For drivers who do not get to handle a van very often – rental customers being the most obvious – the Primastar is the ideal form of commercial transport. To start with, it has rear parking sensors as standard on the SE – a specification no other LCV can boast without paying for it as an optional extra. This will help eliminate many of those silly bumps and scrapes to the edges of vans that can cost money in repairs and at resale.
For somebody like me who has no spatial perception of how to back a van into a gap, parking sensors are a godsend. I imagine there are many others like me.
The other advantage of the Primastar is its user-friendliness. Like its Renault and Vauxhall cousins, the cabin is positively car-like. The seat adjusts in all directions, and the steering wheel adapts for rake and reach.

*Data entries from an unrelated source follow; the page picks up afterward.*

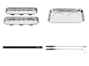 w zestawie 2x kołki rozporowe i 2x śruby zestaw narzędzi inspekcyjnych: 1x lusterko inspekcyjne, 1x podnośnik magnetyczny z lampką Led, 3x baterie 1,5V Lr44, instrukcja Dane techniczne Zestaw tac magnetycznych: wymiary ok. 226 x 65 x 29 mm, dna magnetyczne Ø 40 mm, siła magnetyczna ok. 800–1000 Gs, waga ok.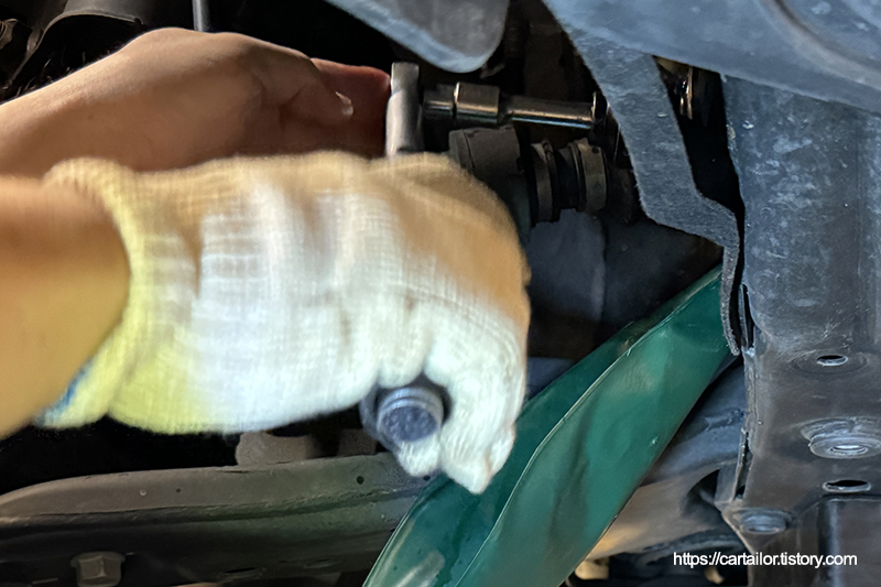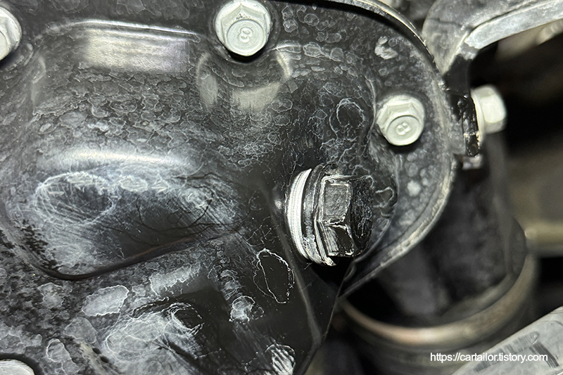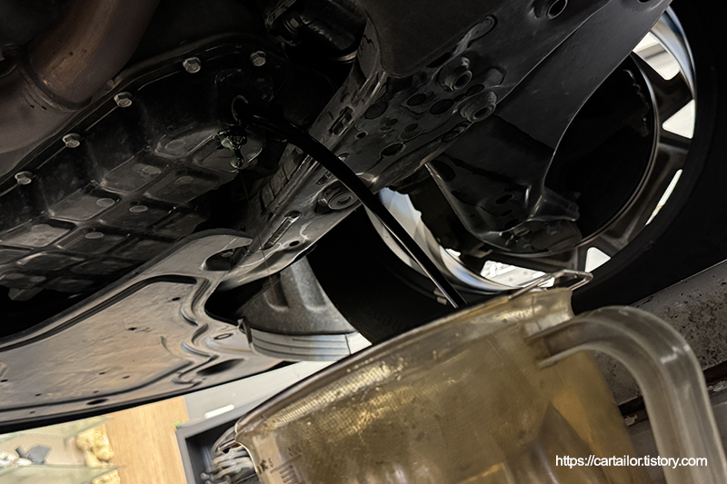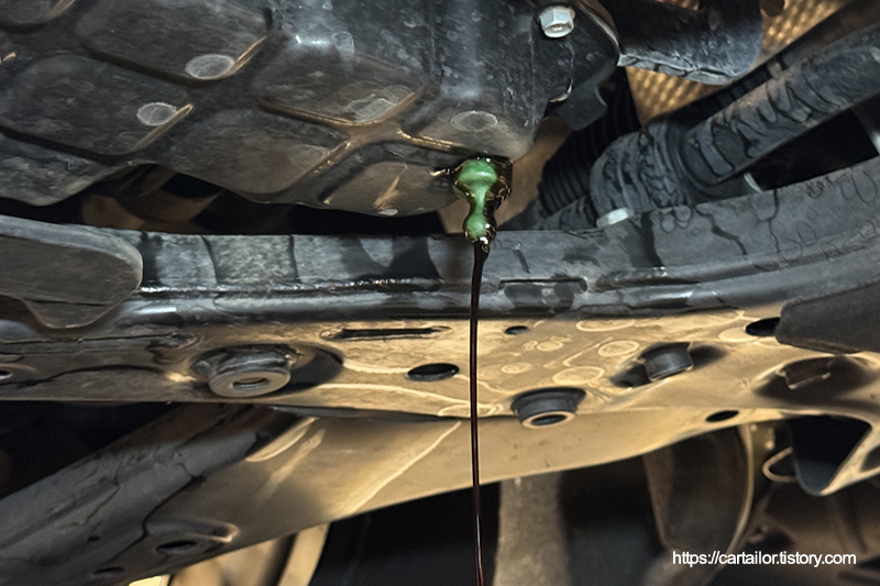 매 오일교환마다 함께 교체해야하는 드레인플러그 와셔를 신품으로 교환합니다. 오일 배출이 완전히 끝났으면 플러그를 손으로 돌려준 다음, 규정 토크로 조여 마무리합니다.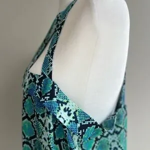 Bold BCBG Max Azria snake print cami top in vibrant turquoise tones. Flowy silhouette with an asymmetrical hem that moves beautifully and flatters without clinging.

With the gearlever sprouting handily from the dash rather than the floor and all buttons – Renault in origin – within reach, the cabin is positively ergonomic, and is extremely comfortable on long journeys.
Noise is also suppressed very well and boom from the rear is very nearly non-existent, even with no cargo aboard.
But comfort and ergonomics are not really the main considerations when it comes down to choosing a van. Practicality and price are the two watchwords. And it is here that Nissan has stolen a march on its two relatives. The Primastar comes in at £12,180 ex-VAT, for the E version, which is marginally cheaper than the Vivaro or Trafic. This model doesn't get the idiot-proof parking sensors, but does get power steering, immobiliser, remote central locking and driver's airbag.
Along with the sensors, the SE comes with electric windows, twin passenger seat, Thatcham ultrasonic and perimetric alarm and a full steel bulkhead. This all costs an extra £530 ex-VAT.
The Primastar uses versions of Renault's dCi common rail diesel engine, a 81bhp 1.9 dCi engine for the 2.7-tonne version and a 98bhp version for the 2.9-tonne model. The 81bhp model comes with a five-speed box, while the 98bhp has six gears. As well as giving the 98bhp much more pull – 175lb-ft of torque at 2,000rpm compared to 139lb ft – and flexibility, it also matches the less powerful unit for fuel consumption. Both achieve 38.2 mpg on the combined cycle.
There is one other trim level after E and SE. The Access comes with a top hinged rear door and is designed to cater for the growing home delivery market. There will be a long wheelbase Primastar next year and a wider range of engines, although there are no high roof versions in the line-up, and it is this lack of body style flexibility that will stop it from selling much larger numbers. But Nissan is pretty proud of what it has got, and it has every right to be, because the Primastar is a tidy, well put together vehicle.
As for servicing, all Primastars come with a three- year/60,000-mile warranty, and 18,000-mile service intervals.
Nick Andrews, Nissan's LCV fleet sales manager, said the firm was in the process of setting up 60 Nissan Business Centres that would cater specifically for commercial fleet needs, with a dedicated fleet sales manager at each dealership. As well as expert personnel, Andrews said the centres would have out-of-hours servicing to minimise downtime and courtesy vans if needed.
If I had to spend my working life in a van, there are very few vans (in fact only two, and guess what they are) that would do the job like the Primastar. Refined, comfortable, stylish and practical, the Primastar takes passenger car qualities and applies them to the commercial market.